Qu’on se le dise tout de suite, avec l’Assassin Royal, on est davantage dans de la fantasy « réaliste », façon J.R.R Martin, que dans les forêts mystérieuses de la Terre du Milieu. Cependant, à la rudesse et à la cruauté moyenâgeuse de Game of Thrones, Robin Hobb préfère les intrigues de cour façon Renaissance, non moins cruelles, mais plus déguisées, sournoises. C’est une des qualités principales du récit selon moi : le personnage principal, Fitz, est un bâtard, relégué dans l’(U)ombre, et qui devra apprendre à affronter des forces qui le dépassent en usant de tous les moyens possibles. Ce n’est pas pour autant un « nobody » ; au contraire, il a même en lui tout ce qui devrait faire de lui un héros triomphant. Il n’a juste pas le droit de l’être, et il grandira avec cette idée bien ancrée en lui. La grandeur, c’est pour les autres. Son statut fait pourtant rapidement de lui une cible, et le destin, comme le rappelle sans cesse le Fou (peut être le personnage le plus intéressant du livre, et qui fait sentir que l’autrice a lu du Hugo), l’a placé au centre de sa toile.
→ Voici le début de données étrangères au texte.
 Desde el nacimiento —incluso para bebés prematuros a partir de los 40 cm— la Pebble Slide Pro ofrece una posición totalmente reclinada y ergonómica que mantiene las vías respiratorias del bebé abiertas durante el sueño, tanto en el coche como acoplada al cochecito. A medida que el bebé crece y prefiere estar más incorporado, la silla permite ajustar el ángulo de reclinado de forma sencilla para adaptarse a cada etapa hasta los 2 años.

On naviguera donc avec lui dans un monde brumeux de poudres empoisonneuses, de trahisons, de successions hasardeuses, le tout orchestré par l’antagoniste principal, le prince Royal.
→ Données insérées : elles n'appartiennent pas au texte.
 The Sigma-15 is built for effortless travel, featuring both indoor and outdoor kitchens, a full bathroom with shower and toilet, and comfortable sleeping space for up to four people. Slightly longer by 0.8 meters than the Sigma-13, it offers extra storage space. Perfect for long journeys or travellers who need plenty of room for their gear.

L’autre grande force du récit selon moi est la construction de son univers. Relativement uniforme pour de la Fantasy (il n’y a pas 28 personnages principaux, 52 ethnies et 36 biotopes), il est décrit avec talent par Robin Hobb. On ressent la rugosité, l’atmosphère froide, rocailleuse, humide et saline de Castelcerf, en opposition aux couleurs éclatantes (du bleu, du violet) et aux palais végétaux des Montagnes. Sans avoir une profusion de détails sur les différents Duchés, nous en comprenons les rapprochements et différences, les alliances et les dissensions. Pas de vision encyclopédique ici, mais un monde qui vit. Enfin, comme tout univers de Fantasy qui se respecte, il contient évidemment une magie et une mythologie qui lui sont propres. L’opposition « Art », noble et élitiste, apollinien, et « Vif », animal et marginal, dionysiaque, est vraiment bien vue. La relation entre Fitz et Oeil de Nuit nous plonge dans une réflexion intéressante sur notre rapport à l’animalité, qui touche du bout des doigts l’anti-spécisme. La quête des Anciens, seulement esquissée par quelques manuscrits et tapisseries dans ce tome, est intrigante. La magie terrifiante pratiquée par les Pirates Rouges, nommée faute de mieux « forgisation », est une toile de fond cauchemardesque qui se dessine progressivement et dont nous n’avons pas encore tous les tenants et aboutissants. Là encore, ça donne envie d’en savoir plus.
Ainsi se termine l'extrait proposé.